Vaccine development is continuing as well, including work on a strep throat vaccine and a new type of smallpox vaccine - effective but without the side effects of the original. And the fundamental work with bacterial surface proteins - a basic step in the bacterial attachment and infection process - may allow the creation of an alternative treatment other than antibiotics, or new types of antibiotics that deal with the growing crisis of antibiotic resistance.

"Biowarfare concerns are a leading issue at the moment, but much of this same work should ultimately be able to be applied towards other diseases as well," Hruby said. "This is as much about emerging diseases as it is terrorism.
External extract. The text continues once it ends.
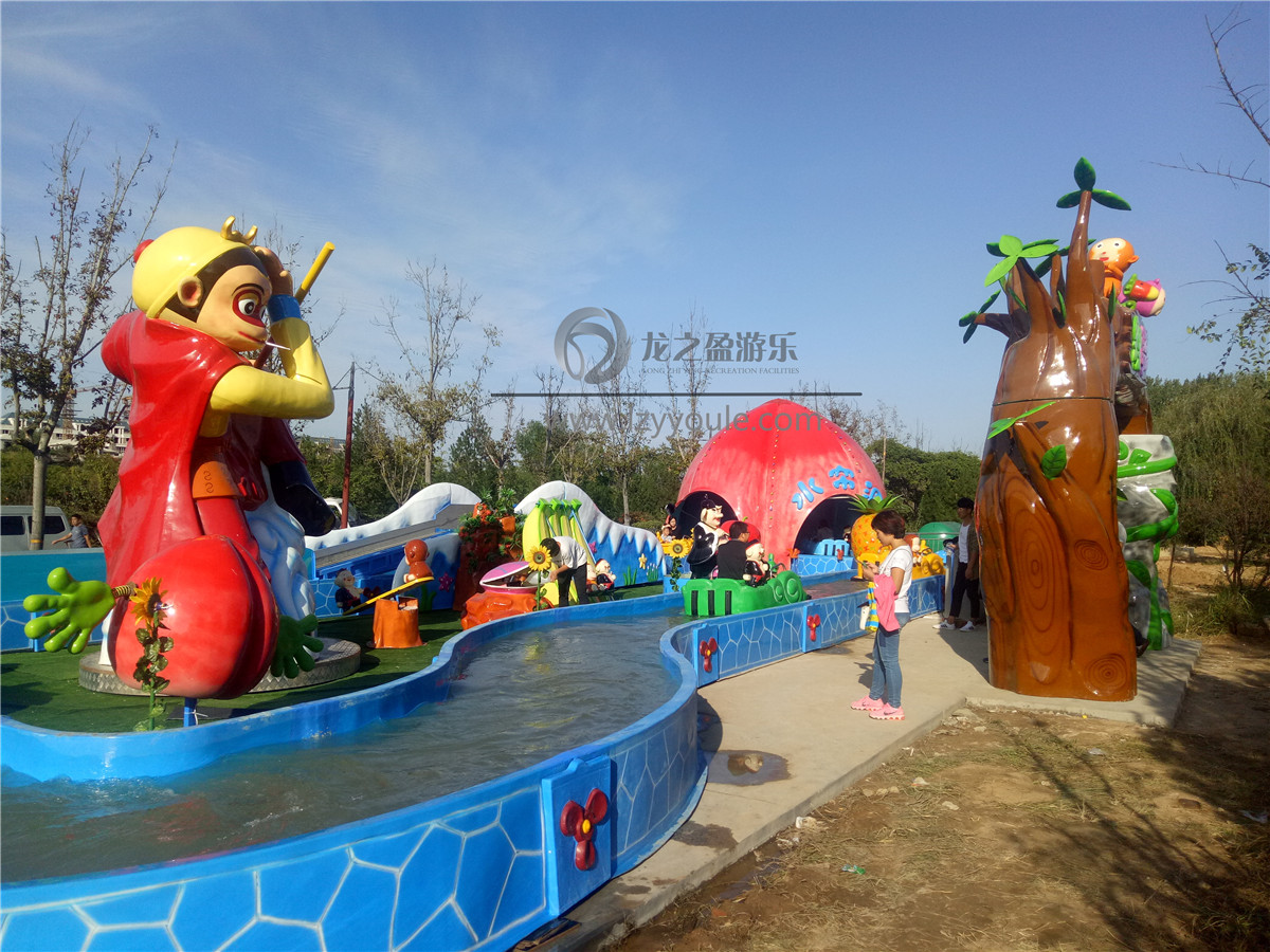 作為許昌龍之盈游樂設(shè)備有限公司的專利新品兒童游樂設(shè)施,花果山漂流一經(jīng)投入就受到孩子們的熱情追捧。孫悟空一直都是孩子們模仿崇拜的王者,孫悟空以經(jīng)典的腳踏筋斗云姿勢佇立游樂設(shè)施中央以及各種有關(guān)花果山的卡通造型,和它與眾不同新穎的玩法使之成為游樂園中的吸金利器。

We've never really had a drug that could effectively treat smallpox, and the same approach might be used to create treatments for hemorrhagic diseases such as ebola, tropical diseases like dengue or Lassa fever, or even SARS or avian flu."

One of the current drugs being tested as a treatment for smallpox - which experts are worried could be used by terrorists in a biological attack - targets two key "proteinases" the smallpox virus encodes. If these can be blocked, infection can be prevented. A feature on this advance was recently published in the journal Microbe.

"The smallpox antiviral treatment is tremendously exciting and we're optimistic it will perform well," Hruby said. "If it works as we think it will, we'll develop other smallpox drugs and use this approach to create a pipeline for a variety of disease treatments that never existed before."

Smallpox used as a weapon, experts say, could have an incubation time as short as seven days, allowing very little time for vaccine administration even if one were available. The use of current live vaccines for mass immunizations has been discontinued because of complications in some individuals.

The federal support for work of this type is large and appears to be stable, Hruby said. Project Bioshield, designed to improve medical countermeasures that could protect Americans from a chemical, biological, radiological or nuclear attack, has been allocated $5.6 billion over the next five years.